Task to carry out: Please set down only the lines running from the one with "El Choker Nova" through the last line of the entries, exactly as written and without any pictures.

Saved entries:
■ ■ ■
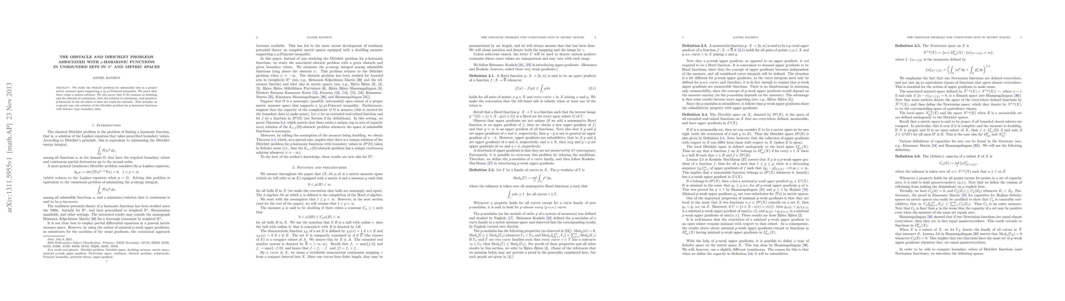 This paper investigates the obstacle problem for p-harmonic functions in unbounded sets in proper metric measure spaces, proving the existence and uniqueness of solutions. It further demonstrates that under doubling measure and continuous obstacle conditions, the solution is continuous and p-harmonic where it does not touch the obstacle, thereby addressing the Dirichlet problem for p-harmonic functions with Sobolev boundary data.
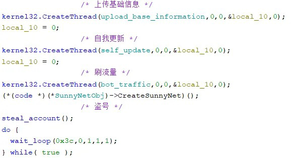 近期发现的恶意代码样本功能为盗取用户的小红书、抖音、哔哩哔哩平台账号信息,同时会自动回传用户设备的系统配置、网络环境等数据。此外,恶意代码会强制推广不明来源的浏览器扩展程序和应用软件,并针对抖音平台实施违规操作,包括自动刷取流量、批量点赞及取消点赞等。该加家族详细信息参见安天病毒百科[5]。
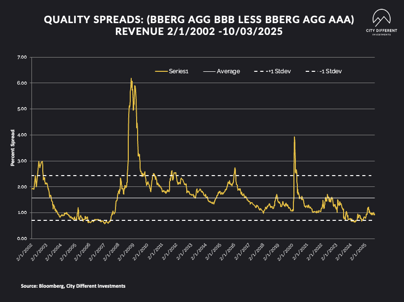 Treasury rates moved slightly higher on the week as investors anticipated further Fed rate cuts. The government shutdown did not seem to impact investor behavior. Investors seem to be anticipating a short duration to the conflict. There have been 21 funding gaps since 1977. The last and longest shutdown began in December 2018 and lasted 35 days. (Who holds the record for the longest government shutdown?) The 2/10-year spread stayed range-bound at 57 basis points. That is 2 basis points steeper than last week.
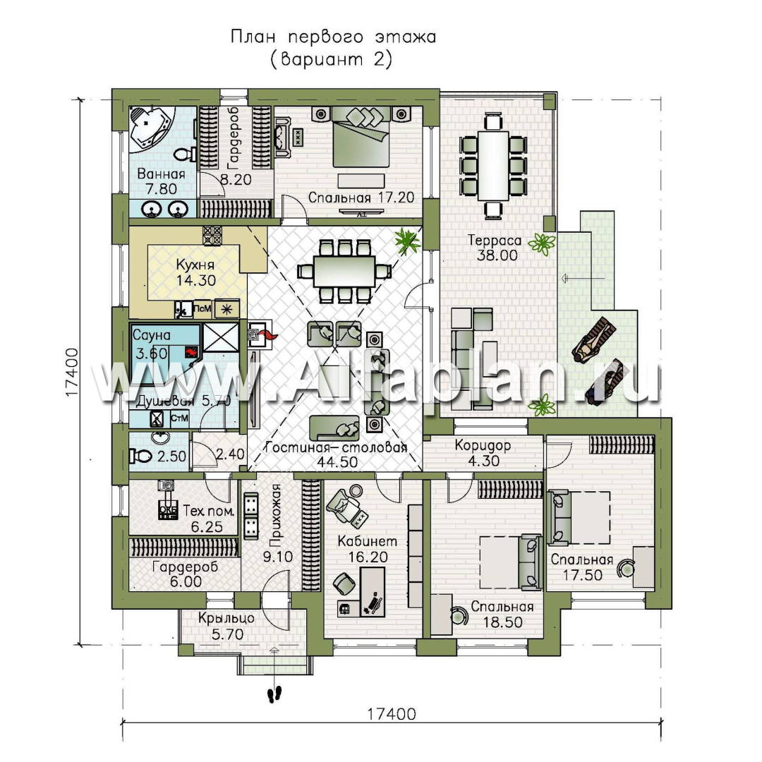 Проект одноэтажного дома «Горизонталь» 666А, 206 м2, 4 спальни, 2 варианта планировки.
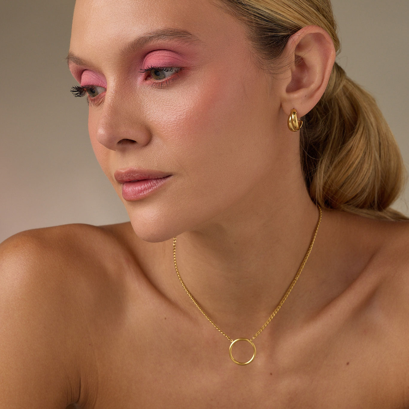 El Choker Nova es la joya que combina simplicidad y carácter. Su cadena se ajusta con elegancia a la base del cuello, mientras un dije redondo y perfectamente pulido se convierte en el centro de atención. El acabado ultrabrillante refleja la luz de manera sutil, creando un efecto sofisticado que eleva cualquier look.
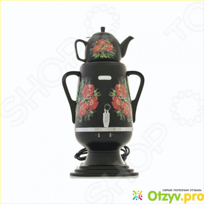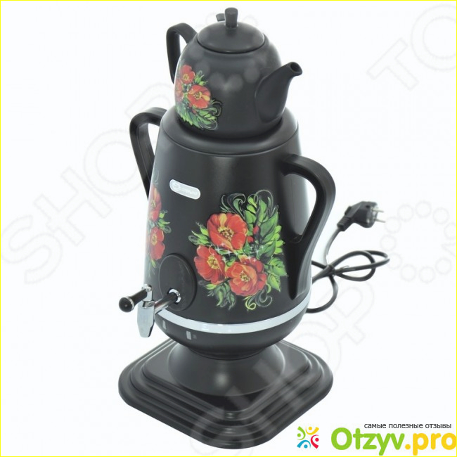 Весит такой аппарат приблизительно 3000 г, габариты составляют 290x490x225 мм. Инструмент сам по себе тяжелый, с ним просто так не походишь по улицам. Продается в черных и белых оттенках с различными расцветками (птицы, маки, колокольчики). Я купила самовар черного цвета с маковой расцветкой, потому что темные вещи реже пачкаются, а за более светлыми приходится постоянно ухаживать. Такой дизайн шикарно смотрится рядом с различными приборами на кухне и гармонично сочетается с элементами интерьера.
■ ■ ■
Expected answer:
 El Choker Nova es la joya que combina simplicidad y carácter. Su cadena se ajusta con elegancia a la base del cuello, mientras un dije redondo y perfectamente pulido se convierte en el centro de atención. El acabado ultrabrillante refleja la luz de manera sutil, creando un efecto sofisticado que eleva cualquier look.
 Весит такой аппарат приблизительно 3000 г, габариты составляют 290x490x225 мм. Инструмент сам по себе тяжелый, с ним просто так не походишь по улицам. Продается в черных и белых оттенках с различными расцветками (птицы, маки, колокольчики). Я купила самовар черного цвета с маковой расцветкой, потому что темные вещи реже пачкаются, а за более светлыми приходится постоянно ухаживать. Такой дизайн шикарно смотрится рядом с различными приборами на кухне и гармонично сочетается с элементами интерьера.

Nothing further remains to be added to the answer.